Stored entries:
---
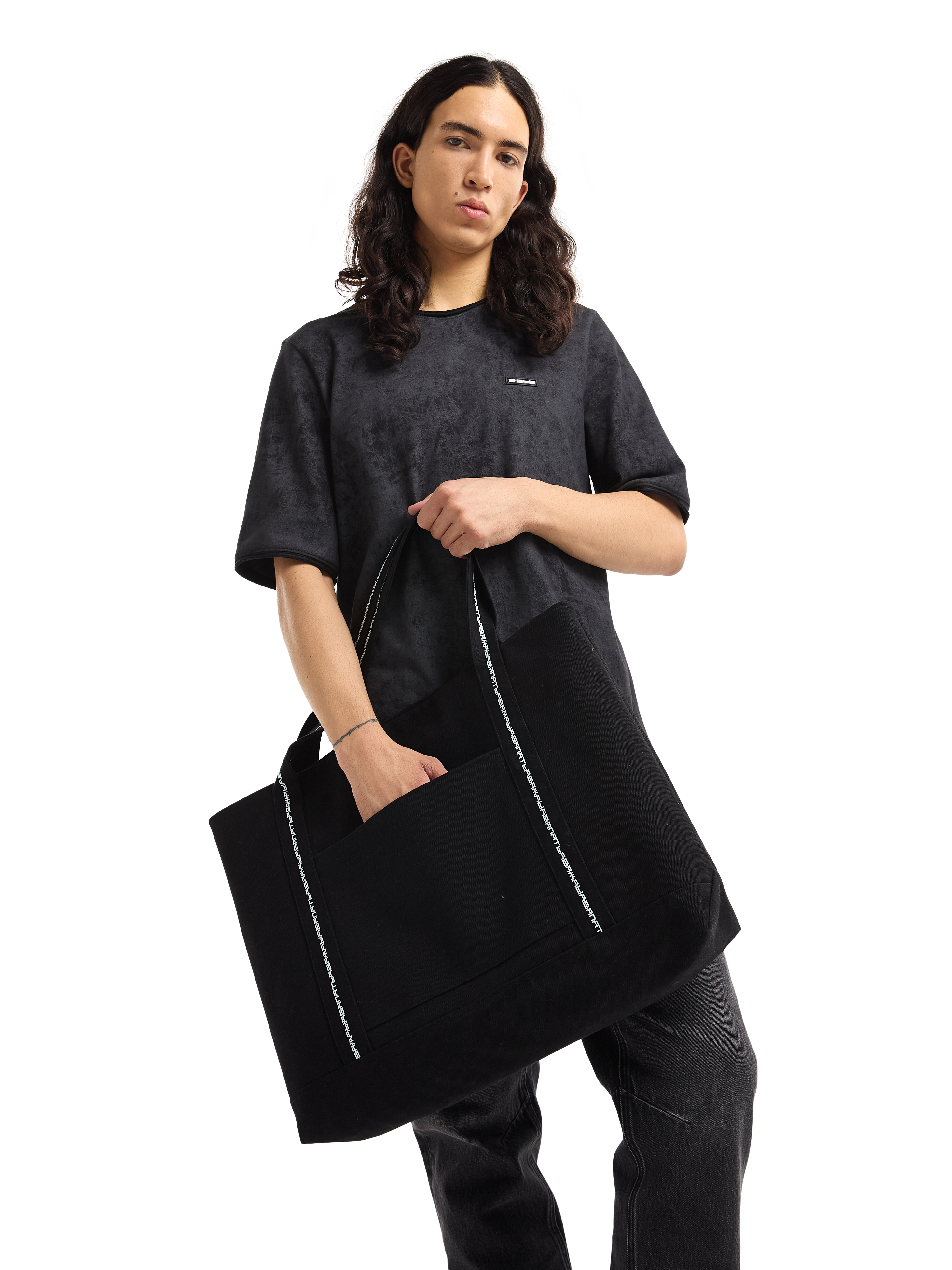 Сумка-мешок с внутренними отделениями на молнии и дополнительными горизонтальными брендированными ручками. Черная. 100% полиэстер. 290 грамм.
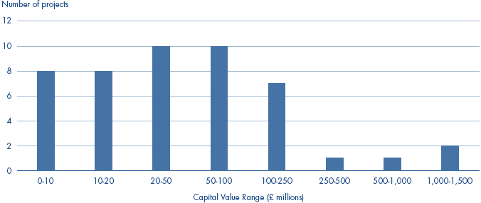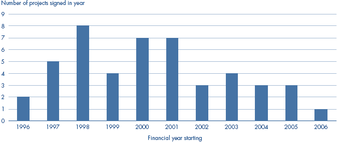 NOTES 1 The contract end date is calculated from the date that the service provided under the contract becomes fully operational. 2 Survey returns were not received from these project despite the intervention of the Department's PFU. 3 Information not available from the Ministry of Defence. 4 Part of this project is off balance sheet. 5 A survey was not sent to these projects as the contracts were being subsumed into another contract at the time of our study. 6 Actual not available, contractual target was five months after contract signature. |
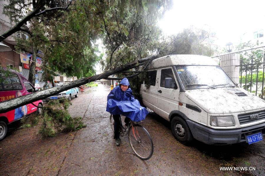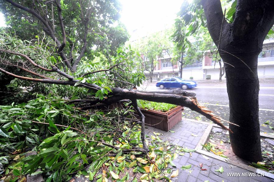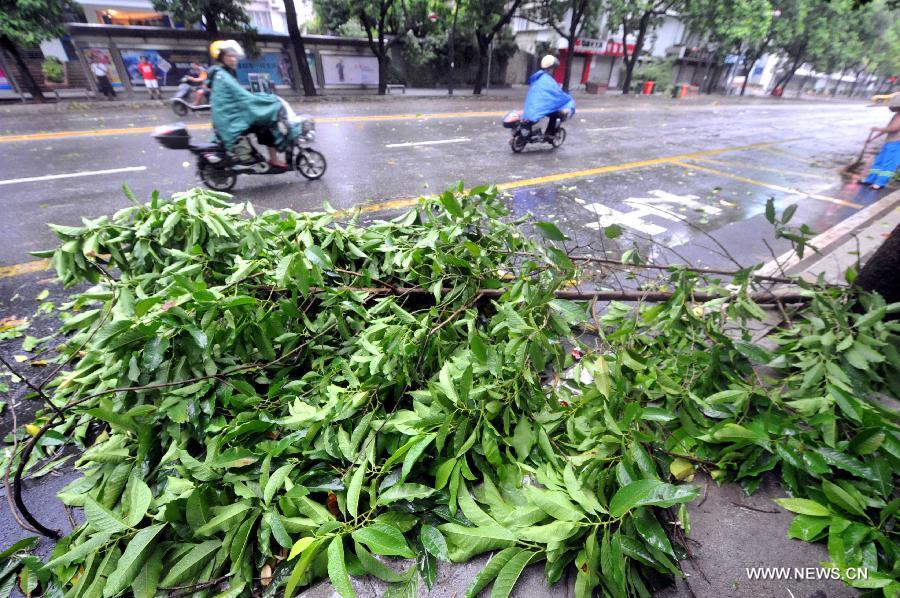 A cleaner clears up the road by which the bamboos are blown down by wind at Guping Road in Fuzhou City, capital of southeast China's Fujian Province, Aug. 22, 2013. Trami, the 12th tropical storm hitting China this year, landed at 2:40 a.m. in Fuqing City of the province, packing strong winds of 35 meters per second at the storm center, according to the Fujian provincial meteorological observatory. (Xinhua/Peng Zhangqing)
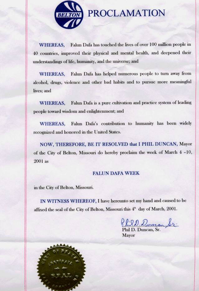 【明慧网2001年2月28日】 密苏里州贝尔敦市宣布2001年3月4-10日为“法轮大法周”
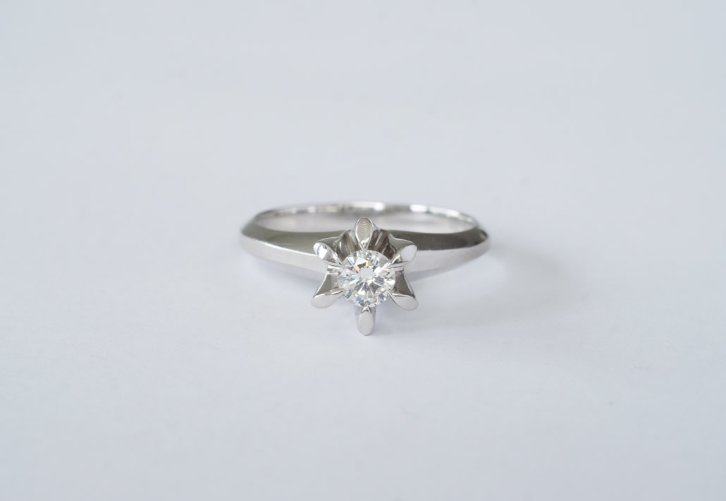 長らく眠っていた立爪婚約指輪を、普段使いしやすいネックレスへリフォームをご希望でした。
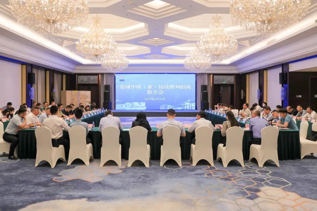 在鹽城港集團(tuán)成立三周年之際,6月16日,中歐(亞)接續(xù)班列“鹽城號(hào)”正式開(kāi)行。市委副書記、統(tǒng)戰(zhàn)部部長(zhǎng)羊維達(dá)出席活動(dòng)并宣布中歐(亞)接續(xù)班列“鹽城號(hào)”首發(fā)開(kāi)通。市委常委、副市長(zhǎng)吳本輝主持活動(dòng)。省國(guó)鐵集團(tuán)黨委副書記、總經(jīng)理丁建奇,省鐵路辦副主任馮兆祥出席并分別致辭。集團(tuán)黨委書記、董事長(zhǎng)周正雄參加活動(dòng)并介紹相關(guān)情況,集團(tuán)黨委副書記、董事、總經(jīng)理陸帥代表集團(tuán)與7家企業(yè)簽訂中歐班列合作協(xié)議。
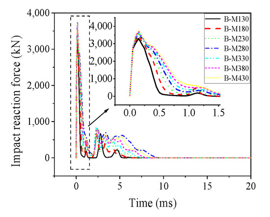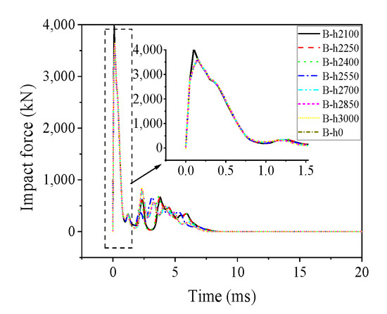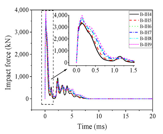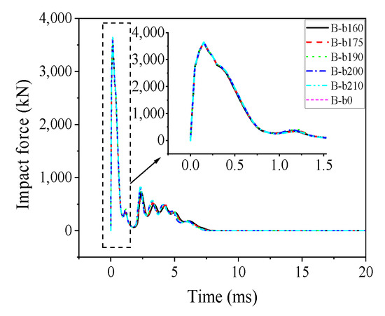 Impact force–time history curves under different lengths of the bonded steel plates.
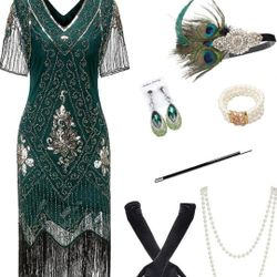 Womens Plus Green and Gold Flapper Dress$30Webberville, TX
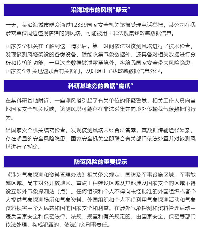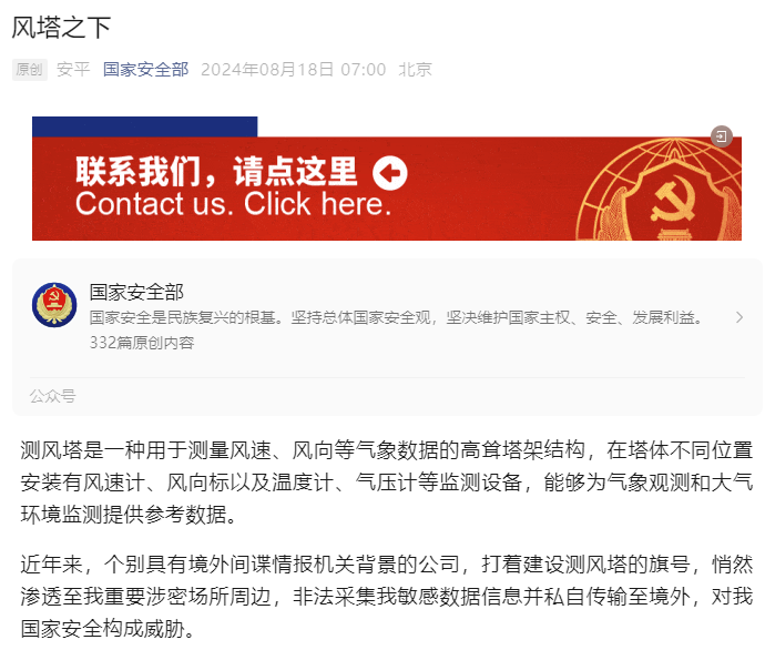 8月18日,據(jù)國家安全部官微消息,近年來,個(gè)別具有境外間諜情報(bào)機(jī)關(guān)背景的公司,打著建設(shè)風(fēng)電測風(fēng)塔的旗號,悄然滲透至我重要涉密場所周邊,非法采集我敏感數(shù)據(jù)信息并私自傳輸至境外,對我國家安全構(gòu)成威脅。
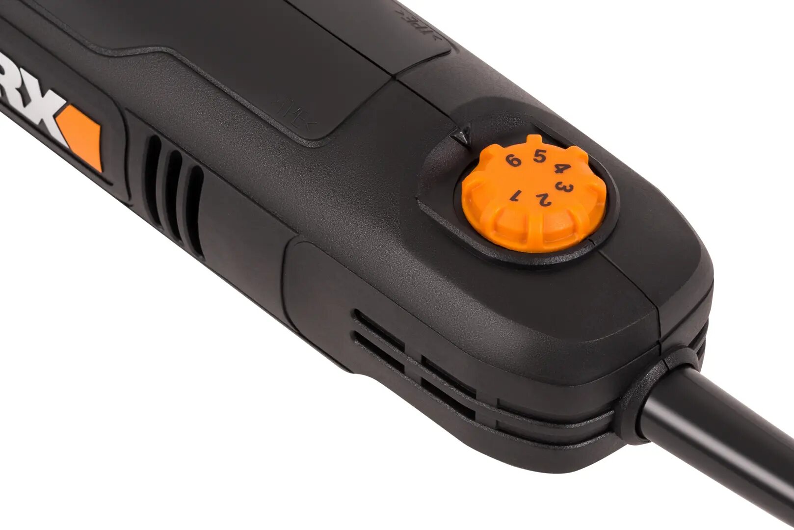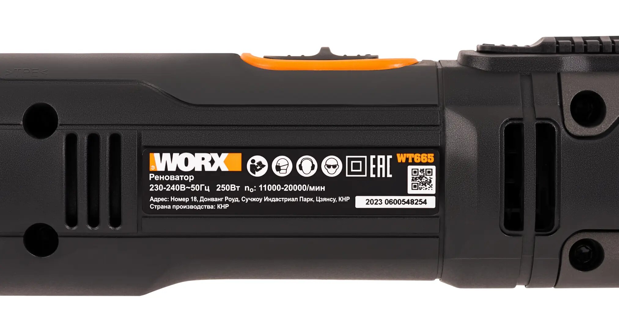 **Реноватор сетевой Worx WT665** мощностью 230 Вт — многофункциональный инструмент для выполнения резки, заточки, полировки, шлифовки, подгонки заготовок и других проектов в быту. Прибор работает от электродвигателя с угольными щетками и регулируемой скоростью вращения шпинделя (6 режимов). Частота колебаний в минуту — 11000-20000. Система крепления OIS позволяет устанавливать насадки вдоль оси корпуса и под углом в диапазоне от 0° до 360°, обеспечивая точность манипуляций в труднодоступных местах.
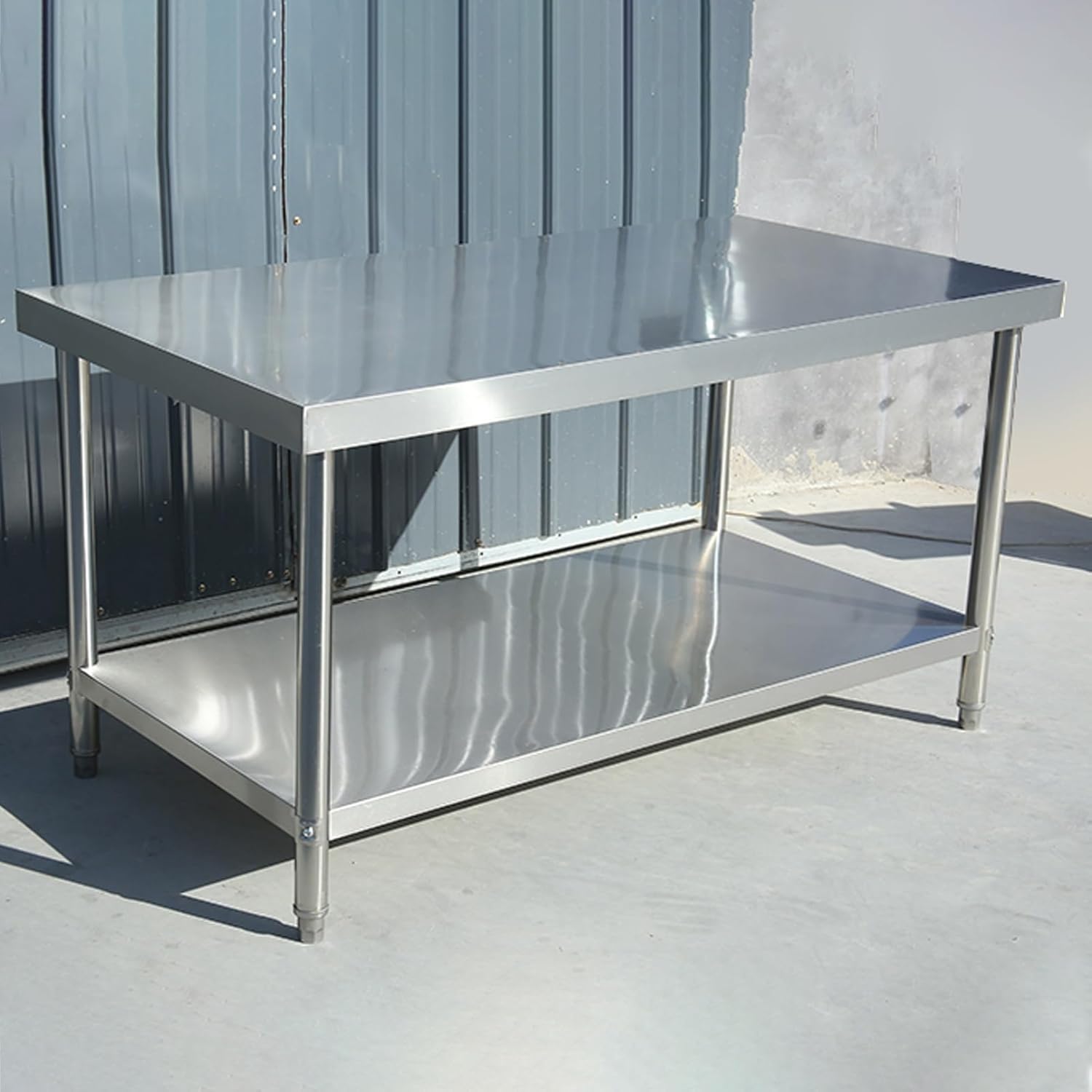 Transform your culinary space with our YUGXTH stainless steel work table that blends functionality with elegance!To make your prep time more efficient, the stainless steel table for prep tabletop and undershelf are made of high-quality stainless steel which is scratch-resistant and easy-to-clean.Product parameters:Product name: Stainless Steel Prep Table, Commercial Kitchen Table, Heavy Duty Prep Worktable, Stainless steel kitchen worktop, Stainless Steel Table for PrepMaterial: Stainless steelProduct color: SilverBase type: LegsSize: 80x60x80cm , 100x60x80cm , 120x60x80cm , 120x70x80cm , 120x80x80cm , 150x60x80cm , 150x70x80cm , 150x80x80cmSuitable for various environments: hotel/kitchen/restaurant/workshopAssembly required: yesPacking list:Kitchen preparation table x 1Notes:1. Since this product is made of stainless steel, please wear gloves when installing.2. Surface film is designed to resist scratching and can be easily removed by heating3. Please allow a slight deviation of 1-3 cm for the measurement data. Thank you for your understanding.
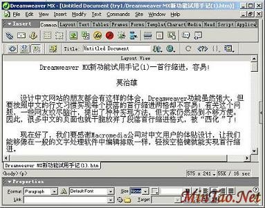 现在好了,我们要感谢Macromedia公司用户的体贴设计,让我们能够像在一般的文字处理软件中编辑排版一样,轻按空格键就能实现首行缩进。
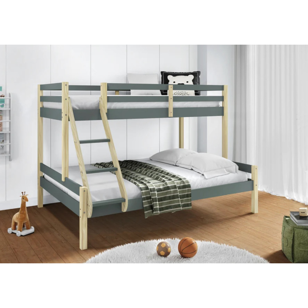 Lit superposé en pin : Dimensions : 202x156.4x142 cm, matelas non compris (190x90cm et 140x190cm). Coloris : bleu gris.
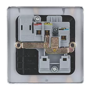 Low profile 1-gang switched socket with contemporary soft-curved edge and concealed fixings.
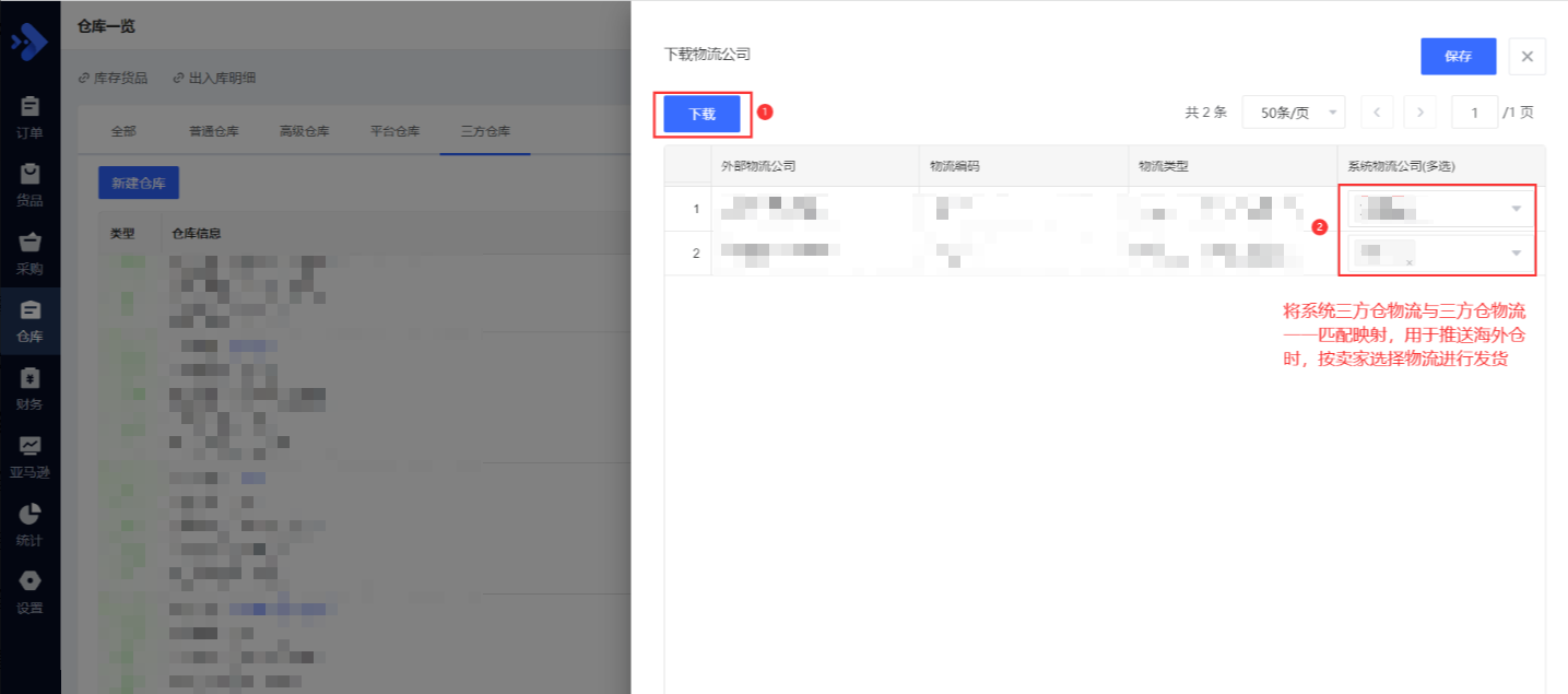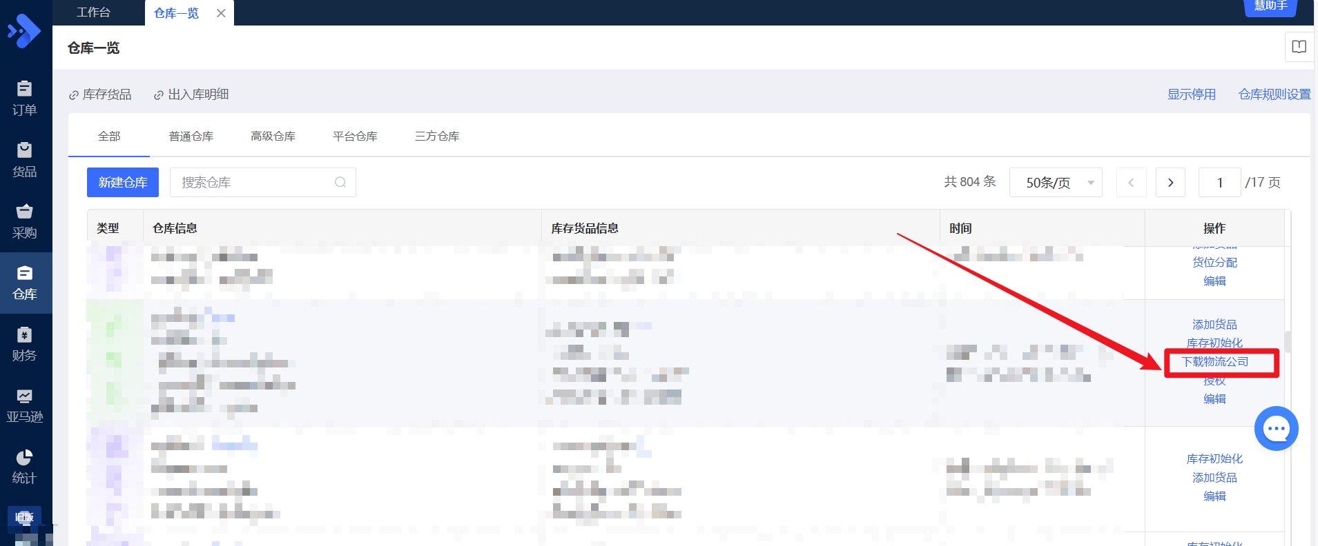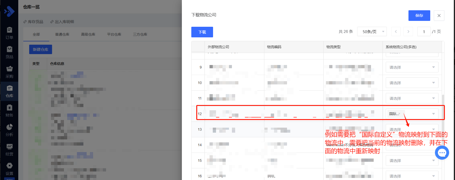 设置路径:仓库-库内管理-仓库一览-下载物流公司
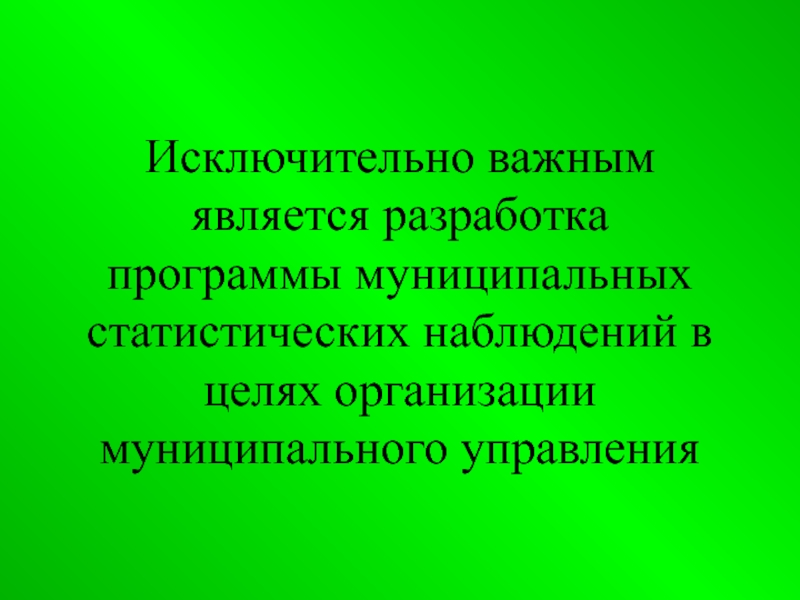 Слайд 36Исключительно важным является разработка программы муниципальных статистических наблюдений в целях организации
---
**What is being asked:**
Each record is to be restated word for word; no picture goes in.

**Answer space:**
 Сумка-мешок с внутренними отделениями на молнии и дополнительными горизонтальными брендированными ручками. Черная. 100% полиэстер. 290 грамм.
 NOTES 1 The contract end date is calculated from the date that the service provided under the contract becomes fully operational. 2 Survey returns were not received from these project despite the intervention of the Department's PFU. 3 Information not available from the Ministry of Defence. 4 Part of this project is off balance sheet. 5 A survey was not sent to these projects as the contracts were being subsumed into another contract at the time of our study. 6 Actual not available, contractual target was five months after contract signature. |
 A cleaner clears up the road by which the bamboos are blown down by wind at Guping Road in Fuzhou City, capital of southeast China's Fujian Province, Aug. 22, 2013. Trami, the 12th tropical storm hitting China this year, landed at 2:40 a.m. in Fuqing City of the province, packing strong winds of 35 meters per second at the storm center, according to the Fujian provincial meteorological observatory. (Xinhua/Peng Zhangqing)
 【明慧网2001年2月28日】 密苏里州贝尔敦市宣布2001年3月4-10日为“法轮大法周”
 長らく眠っていた立爪婚約指輪を、普段使いしやすいネックレスへリフォームをご希望でした。
 在鹽城港集團(tuán)成立三周年之際,6月16日,中歐(亞)接續(xù)班列“鹽城號(hào)”正式開(kāi)行。市委副書記、統(tǒng)戰(zhàn)部部長(zhǎng)羊維達(dá)出席活動(dòng)并宣布中歐(亞)接續(xù)班列“鹽城號(hào)”首發(fā)開(kāi)通。市委常委、副市長(zhǎng)吳本輝主持活動(dòng)。省國(guó)鐵集團(tuán)黨委副書記、總經(jīng)理丁建奇,省鐵路辦副主任馮兆祥出席并分別致辭。集團(tuán)黨委書記、董事長(zhǎng)周正雄參加活動(dòng)并介紹相關(guān)情況,集團(tuán)黨委副書記、董事、總經(jīng)理陸帥代表集團(tuán)與7家企業(yè)簽訂中歐班列合作協(xié)議。
 Impact force–time history curves under different lengths of the bonded steel plates.
 Womens Plus Green and Gold Flapper Dress$30Webberville, TX
 8月18日,據(jù)國家安全部官微消息,近年來,個(gè)別具有境外間諜情報(bào)機(jī)關(guān)背景的公司,打著建設(shè)風(fēng)電測風(fēng)塔的旗號,悄然滲透至我重要涉密場所周邊,非法采集我敏感數(shù)據(jù)信息并私自傳輸至境外,對我國家安全構(gòu)成威脅。
 **Реноватор сетевой Worx WT665** мощностью 230 Вт — многофункциональный инструмент для выполнения резки, заточки, полировки, шлифовки, подгонки заготовок и других проектов в быту. Прибор работает от электродвигателя с угольными щетками и регулируемой скоростью вращения шпинделя (6 режимов). Частота колебаний в минуту — 11000-20000. Система крепления OIS позволяет устанавливать насадки вдоль оси корпуса и под углом в диапазоне от 0° до 360°, обеспечивая точность манипуляций в труднодоступных местах.
 Transform your culinary space with our YUGXTH stainless steel work table that blends functionality with elegance!To make your prep time more efficient, the stainless steel table for prep tabletop and undershelf are made of high-quality stainless steel which is scratch-resistant and easy-to-clean.Product parameters:Product name: Stainless Steel Prep Table, Commercial Kitchen Table, Heavy Duty Prep Worktable, Stainless steel kitchen worktop, Stainless Steel Table for PrepMaterial: Stainless steelProduct color: SilverBase type: LegsSize: 80x60x80cm , 100x60x80cm , 120x60x80cm , 120x70x80cm , 120x80x80cm , 150x60x80cm , 150x70x80cm , 150x80x80cmSuitable for various environments: hotel/kitchen/restaurant/workshopAssembly required: yesPacking list:Kitchen preparation table x 1Notes:1. Since this product is made of stainless steel, please wear gloves when installing.2. Surface film is designed to resist scratching and can be easily removed by heating3. Please allow a slight deviation of 1-3 cm for the measurement data. Thank you for your understanding.
 现在好了,我们要感谢Macromedia公司用户的体贴设计,让我们能够像在一般的文字处理软件中编辑排版一样,轻按空格键就能实现首行缩进。
 Lit superposé en pin : Dimensions : 202x156.4x142 cm, matelas non compris (190x90cm et 140x190cm). Coloris : bleu gris.
 Low profile 1-gang switched socket with contemporary soft-curved edge and concealed fixings.
 设置路径:仓库-库内管理-仓库一览-下载物流公司
 Слайд 36Исключительно важным является разработка программы муниципальных статистических наблюдений в целях организации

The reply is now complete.